Ecrits littéraires de travailleurs et travailleuses, un laboratoire philosophique ?
Résumé
La communication se propose d’interroger les relations entre écrits littéraires de travailleurs.euses et philosophie en s’appuyant sur des textes partant d’une expérience de subordination au travail : comment une forme a priori éloignée de la philosophie peut-elle illustrer mais aussi et surtout interroger le cadre conceptuel, théorique et politique de la philosophie et constituer un « laboratoire philosophique » (Barrère, Martucelli, 2009 ; Pignol, de Rugy, 2015 ; Bras, Pignol, 2016) ?
Alors que l’écriture du travail semble ressurgir à l’aube du XXIe siècle sous la forme du « roman d’entreprise » (Grenouillet, 2012, 2014 ; Marks, 2017) ou de récits qui font du travail leur objet principal, se développe en son sein une littérature tirée de l’expérience propre du travailleur.euse qui prend la forme de fictions romanesques, de pièces de théâtre ou de poésie. Singuliers dans leur forme comme dans leurs intentions, ces écrits ne peuvent être lus comme un simple prolongement de la littérature prolétarienne ou des écrits d’usine émanant d’intellectuels établis (Linhart, 1978 ; Kaplan, 1985). En effet, ils reflètent les transformations contemporaines du travail et des organisations comme l’évolution des formes de la critique et du rapport au politique.
La communication prendra pour corpus des textes littéraires contemporains de travailleurs et travailleuses qui représentent cette diversité des formes et apparaissent comme une littérature directement issue de l’expérience du travail, « travail stricto sensu », dans lequel ce sont enracinées ces mises en récit (Schwartz, 1988) : le recueil poétique de Thierry Metz Le journal d’un manœuvre (1990), le récit de Joseph Ponthus, A la ligne. Feuillets d’usine (2019), la fiction romanesque de Thierry Beinstingel, Ils désertent (2012), le récit brut de l’abattement au travail et de la joie des périodes de grève et débrayage Putain d’usine de Jean-Pierre Levaray (2002), rappelant les idées de reconnaissance de soi et de dignité développées par Simone Weil dans les « grèves de la joie » (1951) et le roman de Claire Baglin, En salle (2022). Ces textes seront reliés à d’autres textes d’écrivains et écrivaines travailleurs (Bon, 1982 ; Di Ciaula, 1978 ; Piccamiglio, 1999 ; Vinaver, 2022 ; Sam, 2009 ; Grenouillet, 2014). Nous proposons de lire ces textes, qui ne sont ni des enquêtes ni de simples témoignages, en interrogeant leur portée philosophique et politique : quel dialogue peuvent-ils entretenir avec les constructions conceptuelles et théoriques de la philosophie ?

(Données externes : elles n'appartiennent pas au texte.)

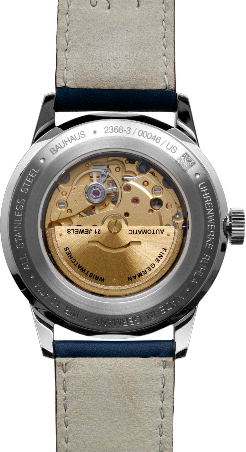 Мужские механические часы с автоподзаводом Bauhaus — это аксессуар в стиле авиационных хронометров. Корпус диаметром 42 мм и толщиной 14 мм выполнен из стали с комбинированной отделкой: матовой и полированной. Циферблат синего цвета выполнен по технологии Sunray («солнечные лучи») и оформлен штрихами и стрелками. Метки и стрелки с люминесцентным покрытиемЛюминесцентное покрытиеПозволяет считывать показания времени в темноте. Производители наносят на стрелки, часовые индексы, безель или поверхность циферблата светонакопительный состав, дающий холодное свечение., обеспечивающим хорошую читаемость в темноте. Окошко даты и дня недели расположено в положении 3 часов. На циферблате присутствует шкала пульсометра, рассчитанная на 30 ударов. Циферблат защищён прочным минеральным стекломМинеральное стеклоМинеральное стекло представляет собой искусственно выращенный минерал кварца. Такое стекло отличается особой устойчивостью к повреждениям и царапинам. Уступает по некоторым качествам сапфировому стеклу. K1. Механизм — автоматический калибр Miyota 8205 (21 камень, частота 21 600 полуколебаний в час) с запасом хода до 42 часов. Рифлёная заводная головка украшена фирменным логотипом. Прозрачная задняя крышка позволяет наблюдать за работой механизма. Часы оснащены кожаным ремешком с декоративной белой строчкой и классической пряжкой. Водонепроницаемость 100 м позволяет использовать часы для плавания и повседневного ношения. Идеальный выбор для тех, кто ценит немецкое качество и функциональный дизайн.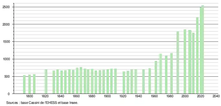 - ↑ Fiches Insee - Populations de référence de la commune pour les années 2006, 2007, 2008, 2009, 2010, 2011, 2012, 2013, 2014, 2015, 2016, 2017, 2018, 2019, 2020, 2021 et 2022.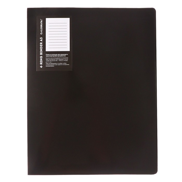 Папка на 4 кольцах А3, Calligrata "Standard" 27мм, 800 мкм, вертикальная, чёрная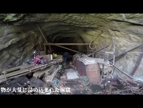 漁港近くにて、物が大量に詰め込まれた洞窟があったので中に入ってみました。隣の洞窟と繋がってるみたい…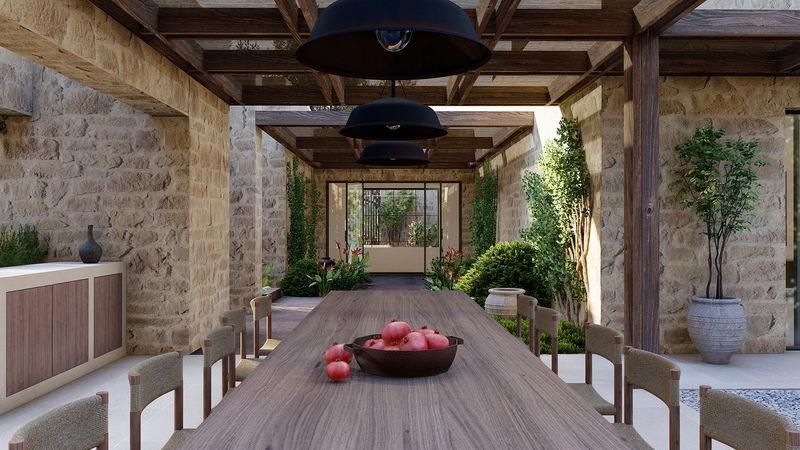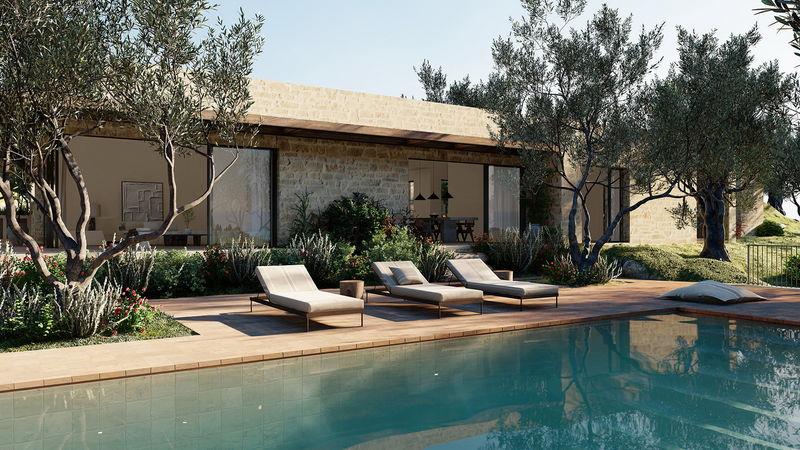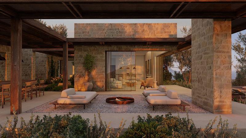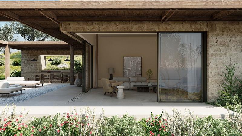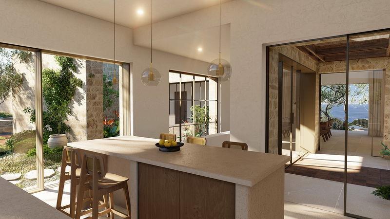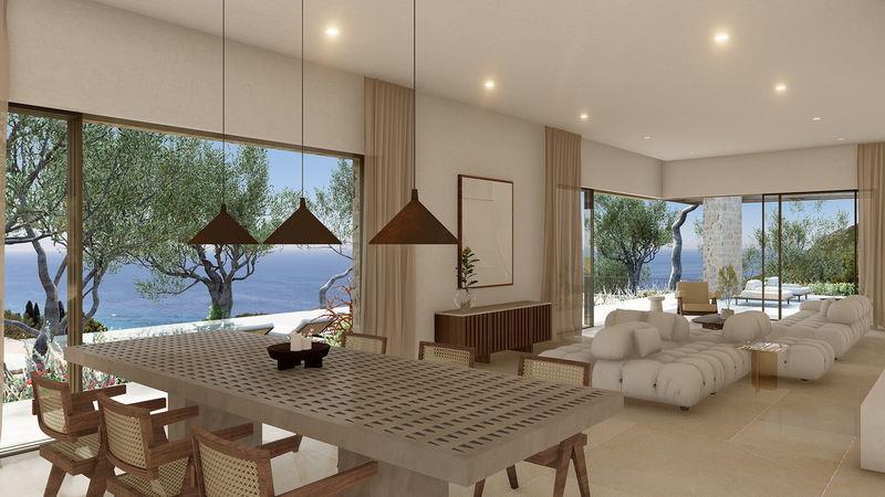 All set within a beautiful plot of 4,843 sqm surrounded by the lush Corfiot countryside, every attention to detail has been paid to offer you wonderful outside living spaces amongst the fully landscaped gardens. Internal courtyards, paved terraces, a large external kitchen with covered dining and seating areas as well as a large private pool with sun terraces.

La communication s’organisera en trois temps :
-l’analyse des correspondances possibles entre littérature et philosophie : le texte littéraire illustre, exemplifie et constitue une forme d’épreuve subjective des concepts, notamment celui d’aliénation non comme catégorie totalisante mais comme « dépossession » (Haber, 2009 ; Fischbach, 2012).
-le questionnement par la littérature des notions et théories philosophiques et la nécessité d’une pensée de la simultanéité : celle de l’aliénation au travail, dans la structuration très contrainte du travail salarié, fortement hétérodéterminé, assujettissant, et celle des « renormalisations » (Schwartz, 2000), des recherches d’auto-émancipation, d’échappement, de fuite (Schwartz 2000). L’écriture constitue une de ces échappées par le contenu produit, qui décrit ces petites désertions au travail, et par l’activité elle-même qui soustrait le sujet, au moins pour un temps, à ses assujettissements.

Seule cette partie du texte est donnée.